Li first energy (Homework 6-325)
1. Use the variational principle with a trial wave function $\psi(1, 2) = \psi(r1) \psi(r2) \chi0$, where $\psi(r) = (\zeta( 3/ )1/\pi)^{1/2}e^{-ζr}$ (in atomic units), to estimate the ground state energy of a Li+ ion. Express your result in both Hartrees and eV. Compare the “effective charge” $\zeta$ with that
for a He atom.
Li has Z=3 and $Li^+$ has just 2 electrons on the 1s2 shell.
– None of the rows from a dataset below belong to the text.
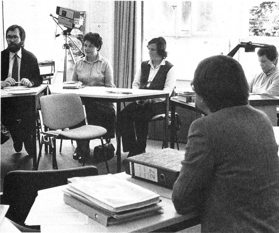
1983 fanden insgesamt 1253 Kurse für Gesundheits- und Krankenpflege statt (unten: «Pflege von Mutter und Kind»). Die Instruktion der Kurslehrerinnen (links), ihre Entschädigung, die ganze Organisation, das Material erfordern beträchtliche Aufwendungen.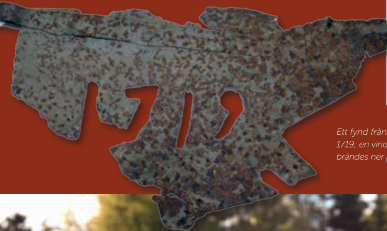
Ett fynd från förr. Ett av de få föremål som finns kvar efter rysshärjningarna i Östhammar 1719; en vindflöjel som satt på ett av stadens hus. Hela Östhammar och hela Öregrund brändes ner på bara två dagar.

Vi skulle kunna fylla hela Lagerbladet med intressanta fakta om hur det gick till när ryssarna brände ner sju städer, tio stora bruk och herresäten, och gjorde nära 20 000 människor hemlösa för 300 år sedan. Och hur fungerade "ryssugnar" på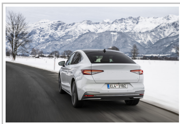
Skoda Enyaq Coupé, in der Version Laurin & Klement.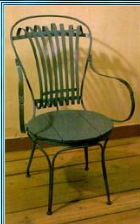
Рыболовное кресло А. Н. Островского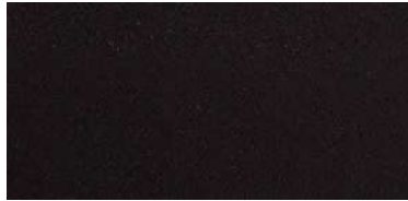
Tapaluz Classic | 805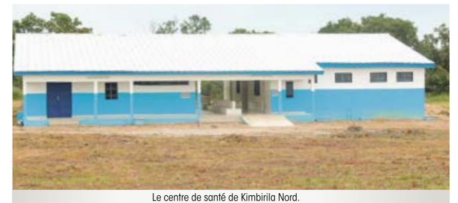
Le centre de santé de Kimbirila Nord.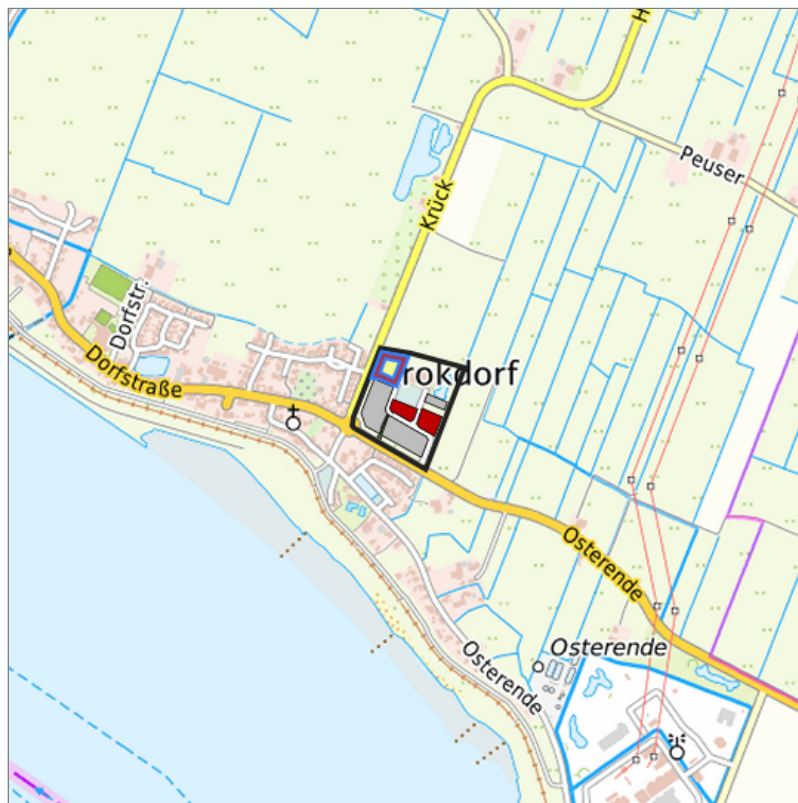
Detaildarstellung der gesuchten Gewerbefläche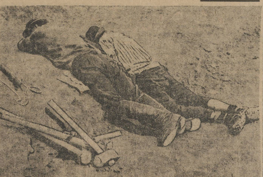
Они прилегли на работе отдохнуть. Есть у нас такие «горе-строители».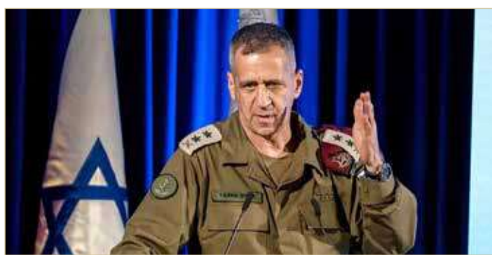
رئيس أركان الجيش الإسرائيلي

وأضاف كوخافي "نحن نعمل على أمرين مهمين: الأول هو تحديد موقع الصواريخ الإيرانية لكي نقوم يوم التنفيذ بضرب أكبر عدد ممكن منها. والأمر الثاني إنشاء نظام دفاع جوي لتحديد هذه الصواريخ". وأضاف أننا "نفترض افتراضاً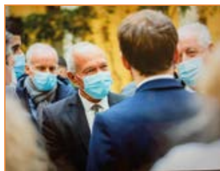
projets menés par la Municipalité.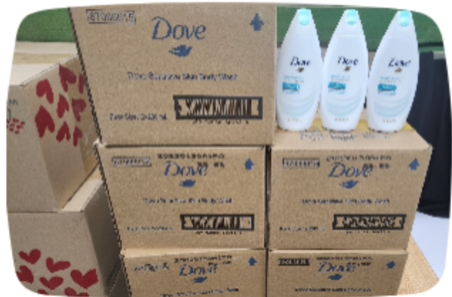
서울노숙인시설협회 바디클렌저 후원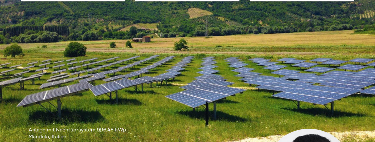
Anlage mit Nachführsystem 996,48 kWp Mandela, Italien

„greentec services setzt auf lückenloses Monitoring und ein umfassendes Fehlermanagement. Seit greentec services unsere Anlagenparks betreut, hat sich die Reaktionszeit stark verkürzt und die Verfügbarkeit merklich verbessert. Dadurch profitieren wir von wesentlichen Mehrerträgen.“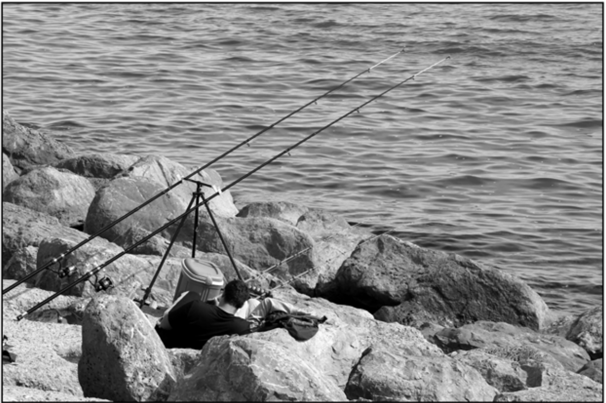
Sète 21

Therefore the wave function is
$Ψ(1,2)=√(ξ^3/π)*exp[-ξ(r_1+r_2 ) ]$
For Li the Hamiltonian is
$H=-ℏ^2/2m*(∇_1^2+∇_2^2 )-e^2/(4πϵ_0 )*[3/r_1 +3/r_2 -1/(|(r_1 ⃗)-(r_2 ⃗)|)$
This Hamiltonian can be rearranged as
$H={-ℏ^2/2m*(∇_!^2+∇_2^2 )-e^2/(4πϵ_0 ) [ξ/r_1 +ξ/r_2 ] }+$
$+{e^2/(4πϵ_0 ) [(ξ-3)/r_1 +(ξ-3)/r_2 ] }+{e^2/(4πϵ_0 )*1/(|(r_1 ⃗) -(r_2 ⃗))}$
Therefore
$<H> =2ξ^2 E_1+2(ξ-3)*e^2/(4πϵ_0 )*〈1/r〉+ <V_ee>$
where $V_ee$ is the exchange interaction given by the last ${…}$
The unknown values of $<1/r>$ and $<V_ee>$ are computed for the effective charge $ξ (=Z/a)$ so that
$<1/r> =ξ$ and $<V_ee>=-5ξ/4*E_1$
So that finally
$<H> =[2ξ^2-4ξ(ξ-3)-5ξ/4]*E_1=[-2ξ^2+43/4 ξ]*E_1$ with $E_1=-13.6 eV$
The variational principle implies
$(d<H>)/dξ=0 so that-4ξ+43/4=0 or ξ=2.6875$
$<H>=-196.46 eV=-7.22 Ha$
The effective charge of nucleus in Li is $ξ=2.6875$ (screened down by the electrons from the theoretical value of Z=3). For comparison He has an an effective charge of $ξ=1.69$ (down from Z=2). Since He has a smaller nucleus positive charge its charge is more screened by the two outside electrons than in Li+.